Palwinder Singh Cheema (born 11 November 1982 in Patiala, Punjab) is a retired amateur Indian freestyle wrestler, who competed in the men's super heavyweight category. Considered one of India's top wrestlers in his decade, Cheema has claimed the gold medal at the 2002 Commonwealth Games in Manchester, England, scored two bronze in the 120-kg division at the Asian Games (2002 and 2006), and also represented his nation India at the 2004 Summer Olympics. Throughout his sporting career, Cheema trained full-time for NIS Patiala Wrestling Club under his coach and father Sukhchain Singh Cheema.

Cheema reached sporting headlines at the 2002 Commonwealth Games in Manchester, England, where he grappled his way over Canada's Eric Kirschner to fetch the gold medal in the 120-kg division on technical superiority. Following his immediate sporting success, Cheema went on to pick up a bronze at the Asian Games in Busan, South Korea, and silver at the Asian Championships in his native Delhi by the following year.

At the 2004 Summer Olympics in Athens, Cheema qualified for his first Indian squad, as a 21-year-old, in the men's 120 kg class.
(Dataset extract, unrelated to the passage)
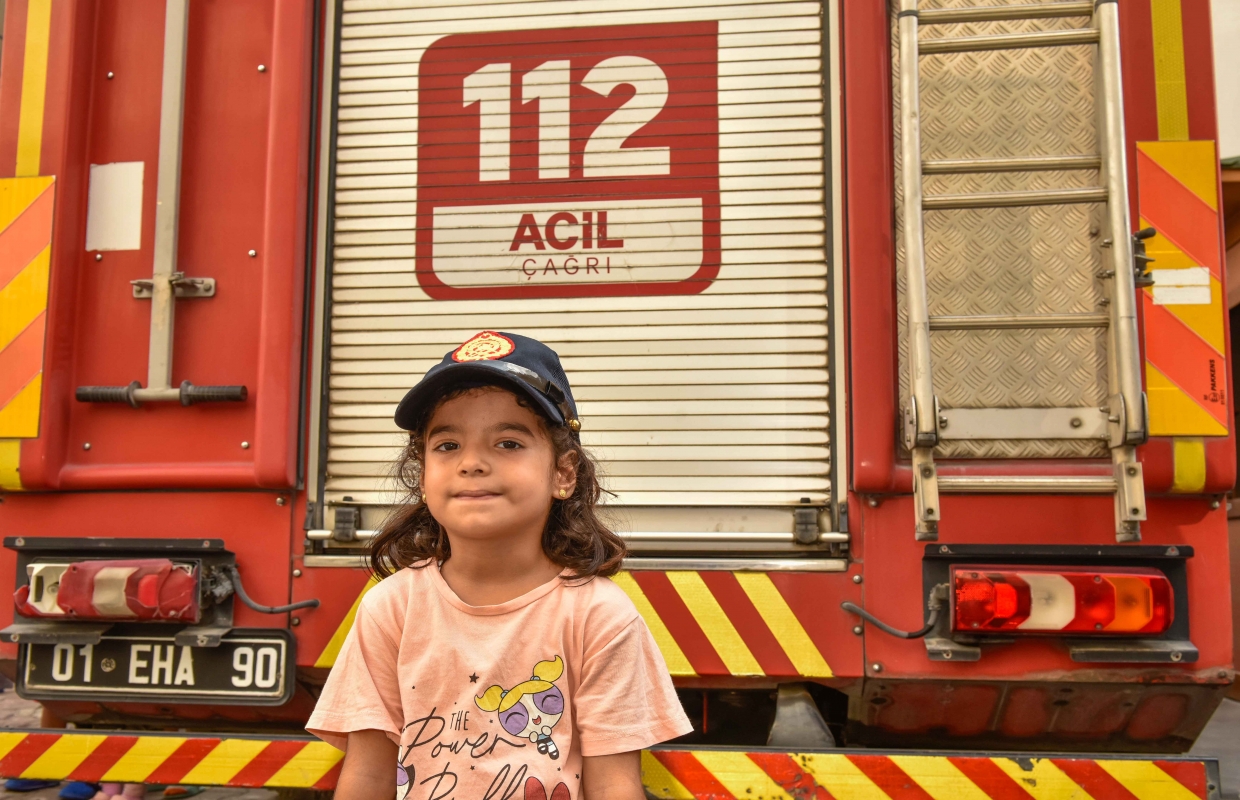 ilgiyle dinleyen, itfaiye araçlarını inceleyen minikler, kendilerine yöneltilen

Earlier in the process, he placed second at the Olympic Qualification Tournament in Sofia, Bulgaria, and guaranteed a spot on the Indian wrestling team by winning his second silver from the Asian Championships in Tehran, Iran. He lost two straight matches each to eventual Olympic champion Artur Taymazov of Uzbekistan on technical superiority, and four-time Olympian Marek Garmulewicz of Poland (4–6), leaving him on the bottom of the prelim pool and placing fifteenth in the final standings.

At the 2006 Asian Games in Doha, Qatar, Cheema campaigned for his bronze medal defense over fancied Kazakh wrestler Marid Mutalimov in the 120-kg division. In 2007, Cheema bid his early retirement from wrestling at the age of 24, capping off his career with a remarkable tally of seven medals (one gold, four silver, and two bronze).Also holds RUSTAM-E-HIND title.